I have a rather comical relationship with one of the nannies at the orphanage. I’ve been back in the USA for about five months now (getting a 2nd degree in nursing, in case you were wondering) and this nanny (I’ll call her M Ayi) and I have had many a chat on weixin, a Chinese texting app.
“You there?” she’ll ask. Sometimes she has questions about children who were transferred to other NGOs for care… sometimes she wants to ask about how much it costs to purchase an iPhone 7 in the USA (which, I discovered, isn’t even possible yet. Hehe, sorry Ayi.) and sometimes she sweetly gives me updates on the kiddos I miss so much.
“Little B is going to get his passport tomorrow. He’ll be adopted next week.”
“Too wonderful! He will have a family soon!” I replied. (and I threw in some dancing penguin emojis because they’re cute.)
She replied, “We all wish him well.” And then, a few days later, “B went to America. I was working the night before. He cried when I left. He was amiable and polite… I loved him. Next week little Q goes.”
When an older child joined her family, M Ayi commented, “I’m not okay. She was so precious to me. I keep crying.”
When I saw that — when I read what she wrote – I really had no idea what to think, or what to say. Because for me, in my mind, adoption is 100% a good thing (also 100% a hard thing). But for some of the nannies who only know the sanctified daily grind of caring for children – sometimes 10 little ones all on their own for a 24 hour shift, adoption is an acute loss, a painful goodbye, and the sudden ending of what may have been an earnest attempt to fill up the love tank of a child, a tank pierced with holes of trauma.
It was less than a year ago when the first child ever to be internationally adopted from a particular orphanage left to join their forever family. The director of the orphanage commented on that day, “When a child leaves our side to be adopted, we feel very sad. But because we know that they will have a happier life and a beautiful future, we feel a sense of accomplishment. We have no regrets, we are proud of the investment we have made.”
No orphanage – no NGO or foster care center or even foster family, is going to be all sunshine, unicorns and rainbows. With orphan care we’re dealing with orphans. We’re trying to care for children who are often physically broken, and always, to some extent, emotionally broken.
I remember one day in November, years and years ago, when I got to help take a little girl to meet her forever family in a province far away. We gave her a bath that last night, the day before she met her mama and baba and joined their care forever, and her socks got wet. I set them in the window sill to dry in the sunshine, and couldn’t help but notice the tiny stitching, done by hand, on the toes of the socks. Her foster mama had done that.
Those tiny stitches, an attempt to mend a hole in a sock, were a perfect metaphor for the tiny stitches that this foster mama had stitched into the broken heart of the little one she loved on and cared for those months and months. The hole was gone, but the seams were not. Adoption mends hearts, but there will still be seams.

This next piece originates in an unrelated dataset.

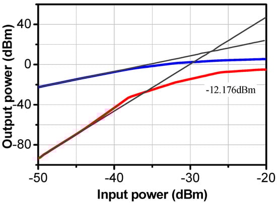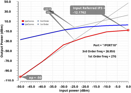 The third-order intercept point IIP3 of the proposed LNA was −12.17 dBm, as illustrated in Figure 14. The lines in blue and red are the fundamental output power and the third order intermodulation distortion products power (IMD3 or IM3), respectively.

Thinking back to M Ayi… and the orphanage director… and all of the nannies and foster mamas and baby-lovin’, risk-taking souls who have traveled across the ocean to hold an orphan and tell them, “you are precious.” Each one of them is a seamstress, a stitch-maker in the heart of a child. Some sew tiny seams that stay tightly held together for years and years – the seam is visible, but only just visible. Some sew bigger, messier seams that need to be re-done, or are maybe really obvious.
“We all wish him well,” she said. I can’t get that out of my head. Two little ones will be adopted today, and three more next week. I’m thankful and thrilled that this orphanage has done the brave thing and leapt into the adoption world, but I’m also reminded of how hard it is.
I’m reminded that as adoptive parents, you get the privilege of holding these stitched-over little hearts in your hands. Some of the hearts nearly fall apart and maybe they’re still just hanging together by threads – the work of mending is going to be intense and exhausting. Sometimes the seams are hard to see at first, but when you get walking – moving forward with life, suddenly a thread snaps and the work of re-mending must begin. And sometimes the stitches hold together. Sometimes they all fall out.
Sometimes it’s really hard, but we’re all seamstresses. The needle is love and the pattern is the Gospel and these little sock-like broken hearts are going to be worn by some precious, beautiful feet.
How beautiful on the mountains are the feet of him who brings good news, who publishes peace, who brings good news of salvation, who says to Zion, “Your God reigns.” – Isaiah 52:7
You are my favorite. And you just made me cry all over this laptop.
Being able to be a seamstress, and stitching together broken little hearts with love, faith, patience, commitment, joy and tears, is the greatest privilege I have been given on this Earth. And I am so grateful for all of those who put stitches into these hearts before I got my turn. <3 thank you for this beautiful post and for all that you do.